Biochemical transition between feeding and fasting
Cellular fuel selection depends on the type and amount of nutrient available. Cellular responses to the changes in nutritional state are predominantly assigned to the mitochondria (see “Mitochondrial function is essential for metabolic flexibility” and “Endocrine regulation of metabolic flexibility”). As proposed in Randle’s glucose-fatty acid cycle hypothesis, in vitro studies have shown that FAO is suppressed when glucose consumption is increased and vice versa (25) (Fig. 2). In the postprandial period of a carbohydrate-rich meal when glucose and insulin are high, glucose uptake, glycolysis, and pyruvate oxidation are favored and FAO is suppressed. These glucose-dependent processes increase the concentration of malonyl-CoA, which allosterically inhibits carnitine palmitoyltransferase-1 (CPT-1), which transports fatty acids into the mitochondria for β-oxidation. Fatty acids are then alternatively used for triglyceride synthesis and stored. Additionally, the rise in pyruvate from glycolysis inhibits pyruvate dehydrogenase kinase (PDK), which reduces the phosphorylation of pyruvate dehydrogenases (PDHs), resulting in an increased glucose oxidation (4).

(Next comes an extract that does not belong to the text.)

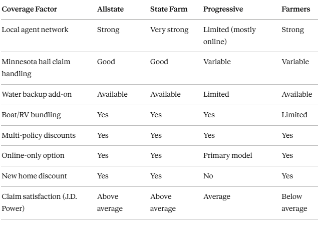 What this means practically: not all carriers price Minnesota risk the same way, not all settle claims the same way, and not all offer the same local support when something goes wrong.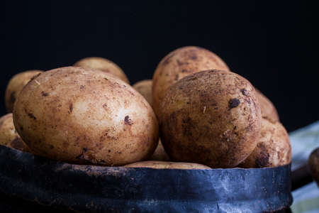 Fresh organic potatoes. Dug and unprocessed potatoes. Big potato close up

On the other hand, during fasting, the inhibition of FAO is released by the action of the energy stress sensor adenosine monophosphate-activated protein kinase (AMPK), which inhibits acetyl-CoA carboxylase (ACC) by phosphorylation. Inhibition of ACC lowers malonyl-CoA concentrations, resulting in an increased activity of CPT-1 and amplified transport of fatty acids into the mitochondria for β-oxidation. When FAO is preferred, acetyl-CoA and reduced nicotinamide adenine dinucleotide (NADH) levels rise, impeding PDH catalytic activity through allosteric inhibition and via activation of PDK. During fasting, PDK gene expression increases through fatty acid–dependent peroxisome proliferator–activated receptor (PPAR) signaling (26).

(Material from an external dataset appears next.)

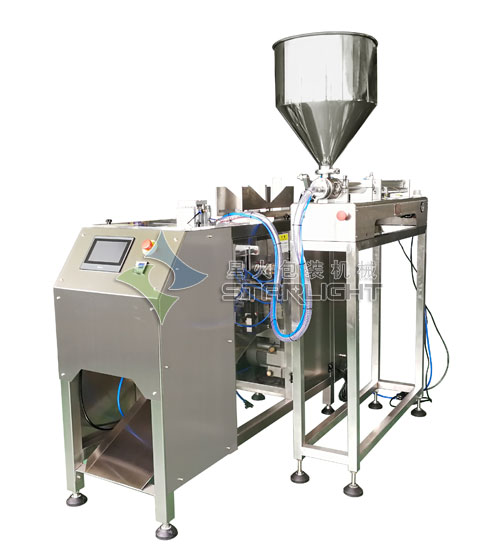 該機(jī)包裝范圍廣泛,通過(guò)選擇不同的計(jì)量器,可以適用于液體、醬體、顆粒、粉末、不規(guī)則塊狀物等物料的包裝,且使用的是預(yù)制好的包裝袋,對(duì)于多層復(fù)合膜、二氧化硅、鋁箔、單層PE、PP等材料制成的預(yù)制袋、紙袋均可應(yīng)用。

Additionally, an increase in fat availability elevates citrate levels, which inhibit phosphofructokinase and GLUT, impeding glucose uptake and use. Inhibition of phosphofructokinase also increases the cytosolic concentration of glucose-6-phosphate that inhibits hexokinase, making it more difficult to metabolize glucose (27). This allosteric inhibition results in a feed-forward loop, favoring FAO during times of nutrient scarcity to conserve glucose for biosynthetic processes and brain metabolism. Because glucose-derived pyruvate in the liver is no longer converted to acetyl-CoA by PDH, pyruvate can be used as a gluconeogenic precursor to avoid hypoglycemia.

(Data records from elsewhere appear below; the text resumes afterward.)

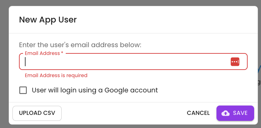 App Users are also able to authenticate using Google. When adding a new user make sure to select the login with Google option. This will ensure the app user is not sent a temporary password and the user will be able to login with Google.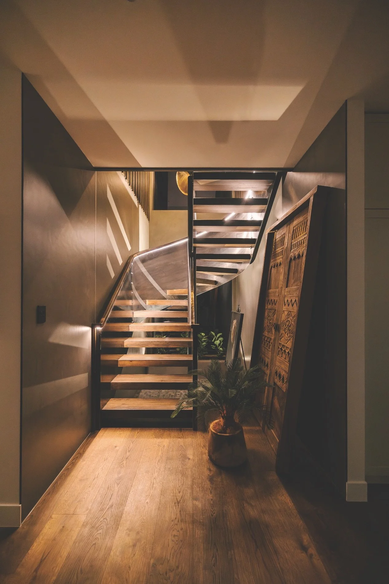 Even in a home full of extraordinary features, the innovative steel staircase is a standout. It was fully designed and built from concept to completion by AvantGarde Interiors.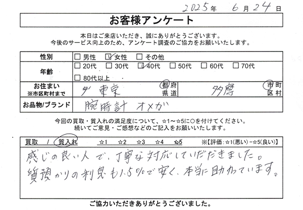 感じの良い人で、丁寧な対応していだだきました。 質預かりの利息も1.5%で安く、本当に助カっています。

Prolonged fasting and caloric/dietary restriction
The importance of energy and nutrient sensing transcription factor regulated pathways can be demonstrated during prolonged fasting. It is somewhat surprising that, until 1967, ketone bodies (KBs) were thought to have no beneficial physiological role during prolonged fasting. Currently, we know that ketone bodies are produced by the liver upon prolonged fasting. The central nervous system requires approximately 140 g of glucose per day (equivalent to almost 600 kcal), also during fasting. Plasma KB then are an important source of energy because their blood levels and oxidation rates increase (28). During fasting, KB can act as an excellent respiratory fuel: 100 g of D-3-hydroxybutyrate yields 10.5 kg of ATP (22 ATP per molecule D-3-hydroxybutyrate), whereas 100 g of glucose yields only 8.7 kg of ATP (29).
An alternative, and quantitatively less important, source of fuel during prolonged fasting is the breakdown of amino acids, in particular branched-chain amino acids (BCAAs). The mitochondrial branched-chain α-ketoacid dehydrogenase (BCKD) complex is the rate-limiting step in BCAA catabolism (33). BCKD can be allosterically inhibited when acyl-CoA concentrations and NADH levels are sufficient (34). This ensures that under fed conditions and during short intervals of fasting or light exercise, cellular proteins are conserved. With nutrient abundance, however, when BCAA are present in excess such as after a protein-rich meal, BCKD also becomes active as BCAA-derived α-ketoacids allosterically inhibit BCKDs deactivating kinase (35).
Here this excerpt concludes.